Reps, Sets, and… REST!
A good training program details sets and reps, but a really good one also includes rest periods. Rest is a very important factor in any training program. It literally can determine the stimulus and intensity for that day. Now, I know as a fitness professional how important taking rest between sets is and even between different exercises. However, the client or athlete may not. They may find it as a “waste of time” or just a lazy way to make the session go by. But, that couldn’t be far from the truth. Yes, we have our good days and feel like we can zoom through all the exercises in a breeze. However, we would miss the mark on the stimulus the trainer wants to demand on the client’s body. Take a strength-focus movement, the deadlift for example. Trainers would typically have clients perform 3-5 reps at an RPE of 7-8, then take 2-4 minutes of rest. The reasoning behind the long rest periods is we need to have the client’s nervous system recover from the neurological demand of the lift and the skeletal muscle to replenish energy stores. If the client goes too soon, the body wouldn’t optimally be ready for the next task, which could result in increased chances of injury when lifting or a missed lift.
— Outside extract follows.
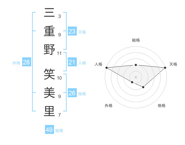 三重野 笑美里さんを姓名の画数から五運を鑑定

On the flip side, what happens when the prescribed rest is short and the client/athlete takes too long of a break? Well, again, the demands of the training stimulus will not be met and the client may not get the results they were looking for. For example, a superset of tricep extensions and bicep curls for 10-12 reps can elicit a nice “pump” for hypertrophy training, especially when the rest is about 30-60 seconds between sets. But, if the client rests longer than that, the “pump” may dissipate, blood and nutrients that were once going to the muscle are now just being flushed back into the rest of the body, thus hypertrophic effects are not as prevalent.
So clients and athletes. I know most things in the world are always on the go. But take some time to slow down and rest. Not only will it benefit you in the weight room, but it can have positive effects everywhere else in life.